Collect every line below that contains the word "with".

── EXERCISE DATA ──

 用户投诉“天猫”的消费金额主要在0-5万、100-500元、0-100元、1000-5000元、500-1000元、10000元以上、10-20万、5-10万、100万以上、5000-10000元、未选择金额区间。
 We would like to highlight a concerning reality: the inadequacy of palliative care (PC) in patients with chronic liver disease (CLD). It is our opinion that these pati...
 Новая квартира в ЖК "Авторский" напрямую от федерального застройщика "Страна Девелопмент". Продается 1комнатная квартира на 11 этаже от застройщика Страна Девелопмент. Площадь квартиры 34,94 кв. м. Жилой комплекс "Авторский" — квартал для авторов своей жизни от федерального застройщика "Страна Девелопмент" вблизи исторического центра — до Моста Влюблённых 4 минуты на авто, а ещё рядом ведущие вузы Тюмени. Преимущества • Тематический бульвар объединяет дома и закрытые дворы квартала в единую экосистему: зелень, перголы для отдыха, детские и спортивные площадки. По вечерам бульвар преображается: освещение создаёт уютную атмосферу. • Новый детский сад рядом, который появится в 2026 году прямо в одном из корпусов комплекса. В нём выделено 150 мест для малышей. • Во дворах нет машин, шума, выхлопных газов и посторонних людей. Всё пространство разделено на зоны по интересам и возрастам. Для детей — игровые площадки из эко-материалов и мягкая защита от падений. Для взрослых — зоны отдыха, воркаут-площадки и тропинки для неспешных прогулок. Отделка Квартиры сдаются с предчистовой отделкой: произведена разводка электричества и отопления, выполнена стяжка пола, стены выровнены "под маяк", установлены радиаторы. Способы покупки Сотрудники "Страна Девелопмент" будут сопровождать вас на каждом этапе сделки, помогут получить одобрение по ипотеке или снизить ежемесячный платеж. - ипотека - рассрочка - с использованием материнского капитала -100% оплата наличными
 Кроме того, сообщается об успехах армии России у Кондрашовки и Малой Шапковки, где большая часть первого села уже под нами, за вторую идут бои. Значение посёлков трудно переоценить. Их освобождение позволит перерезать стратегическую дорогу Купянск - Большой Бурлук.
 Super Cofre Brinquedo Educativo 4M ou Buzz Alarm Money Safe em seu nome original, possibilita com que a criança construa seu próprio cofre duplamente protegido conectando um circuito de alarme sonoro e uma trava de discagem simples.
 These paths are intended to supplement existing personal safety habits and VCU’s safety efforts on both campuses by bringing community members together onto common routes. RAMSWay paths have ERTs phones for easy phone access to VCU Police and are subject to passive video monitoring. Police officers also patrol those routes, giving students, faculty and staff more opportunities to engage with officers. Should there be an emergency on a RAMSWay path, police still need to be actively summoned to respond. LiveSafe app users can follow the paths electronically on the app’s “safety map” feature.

───

- _ANSWER TO THIS PROBLEM_:
 We would like to highlight a concerning reality: the inadequacy of palliative care (PC) in patients with chronic liver disease (CLD). It is our opinion that these pati...
 These paths are intended to supplement existing personal safety habits and VCU’s safety efforts on both campuses by bringing community members together onto common routes. RAMSWay paths have ERTs phones for easy phone access to VCU Police and are subject to passive video monitoring. Police officers also patrol those routes, giving students, faculty and staff more opportunities to engage with officers. Should there be an emergency on a RAMSWay path, police still need to be actively summoned to respond. LiveSafe app users can follow the paths electronically on the app’s “safety map” feature.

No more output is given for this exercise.